*** Begin section ***

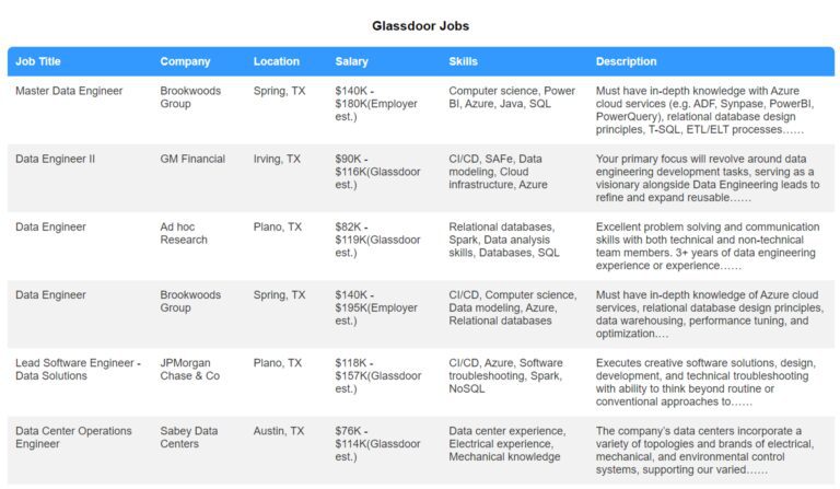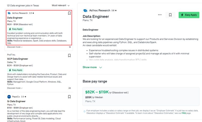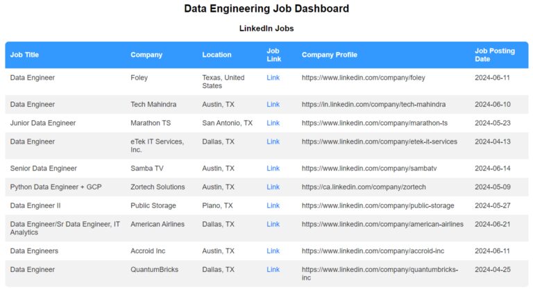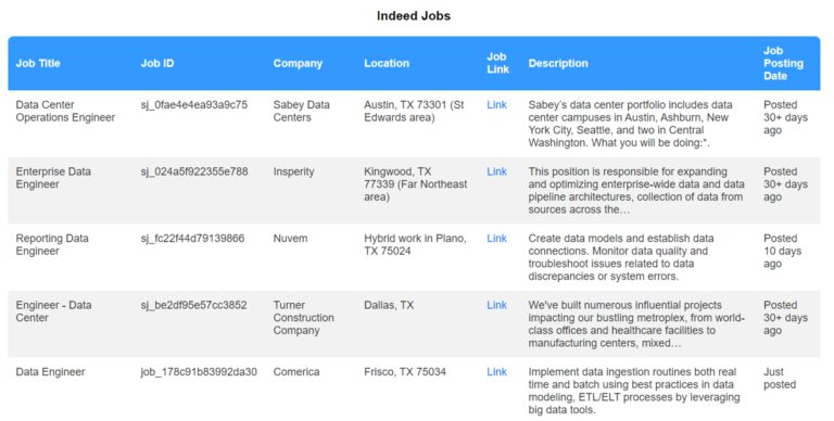 For this tutorial, we’ll extract data engineer jobs from LinkedIn, Glassdoor, and Indeed in the Texas region. We’ll then display these jobs on our dashboard, including essential details like title, company, location, salary, job description, and application link.
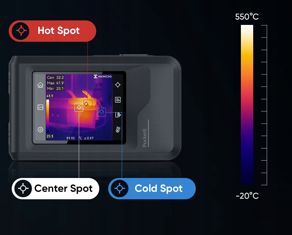 Прибор позволяет записывать радиометрические изображения на весь экран и автоматически определять точки с самой высокой, самой низкой и средней температурой, что позволяет быстро выявлять тепловые аномалии
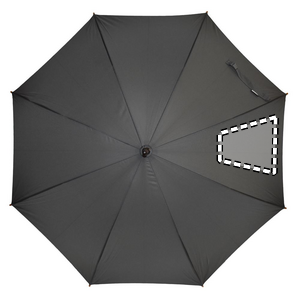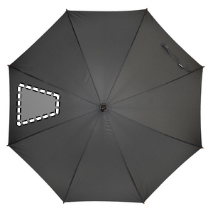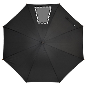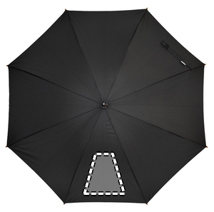 Paraply 23'' auto åben i 190T RPET pongee med træskaft, tip og top. Forgyldt metalkant. Buet håndtag i naturligt træ. Manuel lukning.
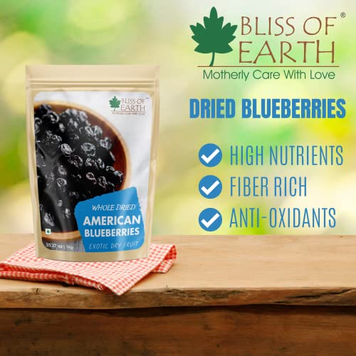 Bliss of Earth 200gm Whole Dried American Blueberries Exotic Dry Fruit King of Antioxidant
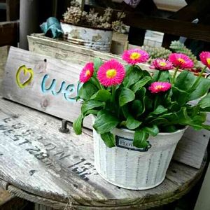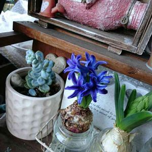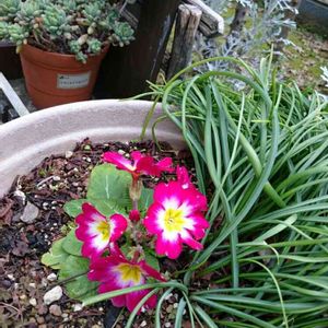 わっさわさのムスカリの葉におされながら、一昨年の寄せ植えしたジュリアンが咲いてくれました♪
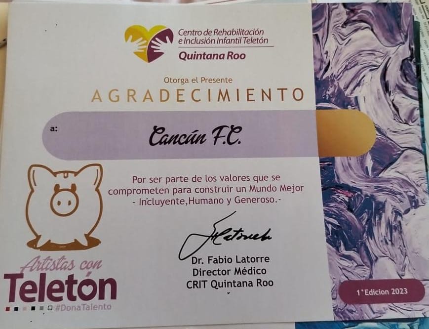 Cancún, Q. Roo.- Cancún FC fue patrocinador de la iniciativa “Donar su Talento”, impulsada por Colectivo “X la Pinta” a favor del Centro de Rehabilitación e Inclusión Infantil Teletón (CRIT).
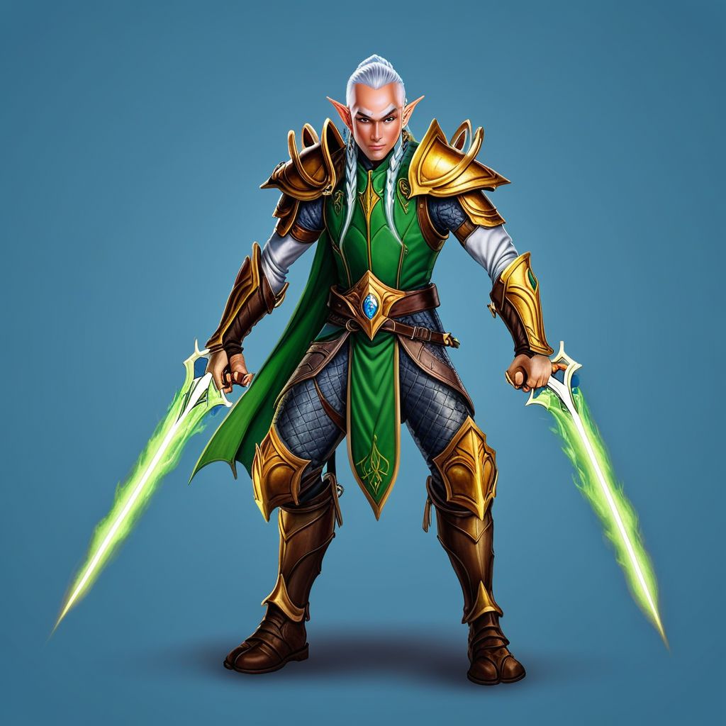 1man, elf warrior, holding weapon psyblade, cartoony realism
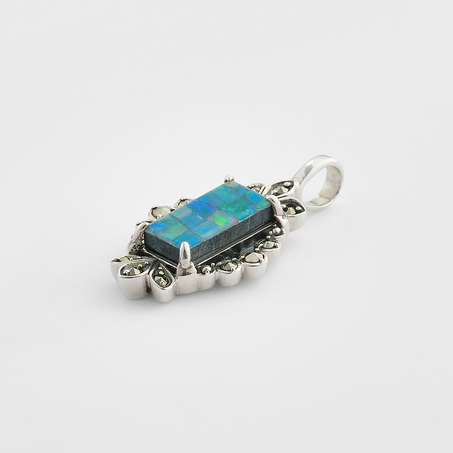 宛如将梦境景色凝固在方形马赛克蛋白石中,细碎的蛋白石光影交织,营造出迷人的闪耀效果。
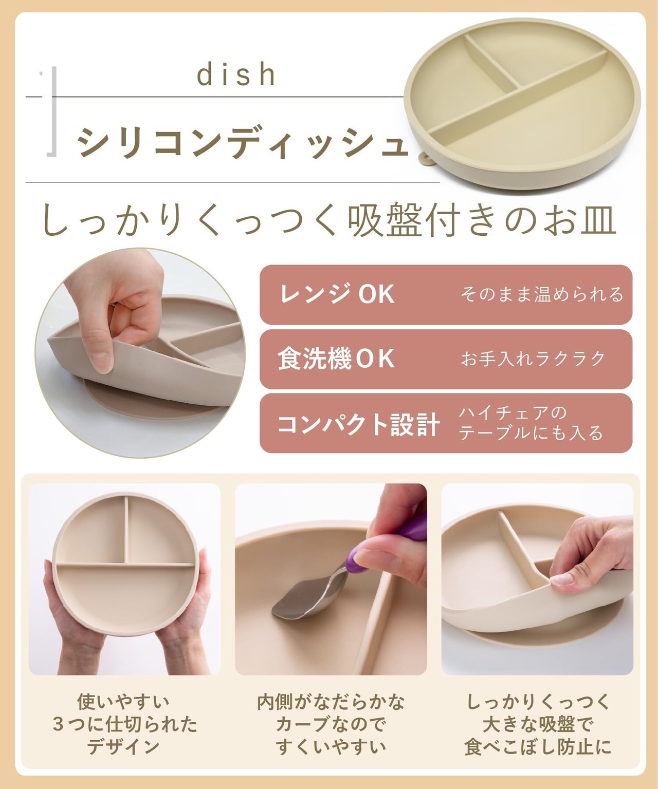 ●シリコンディッシュ:しっかりくっつく吸盤付きのお皿
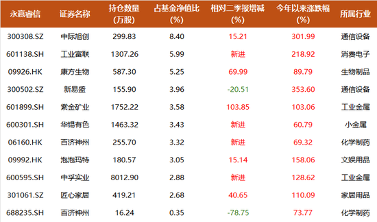 具体到个股层面,三季度新进的4只股票中有半数为有色金属相关标的,其中对紫金矿业进行了翻倍增持。

*** End section ***

Task objective:
Write out, exactly as they stand, the line with "わっさわさのムスカリの葉にお" and every line after it through the end of the entries above; omit the pictures.

Response box:
 わっさわさのムスカリの葉におされながら、一昨年の寄せ植えしたジュリアンが咲いてくれました♪
 Cancún, Q. Roo.- Cancún FC fue patrocinador de la iniciativa “Donar su Talento”, impulsada por Colectivo “X la Pinta” a favor del Centro de Rehabilitación e Inclusión Infantil Teletón (CRIT).
 1man, elf warrior, holding weapon psyblade, cartoony realism
 宛如将梦境景色凝固在方形马赛克蛋白石中,细碎的蛋白石光影交织,营造出迷人的闪耀效果。
 ●シリコンディッシュ:しっかりくっつく吸盤付きのお皿
 具体到个股层面,三季度新进的4只股票中有半数为有色金属相关标的,其中对紫金矿业进行了翻倍增持。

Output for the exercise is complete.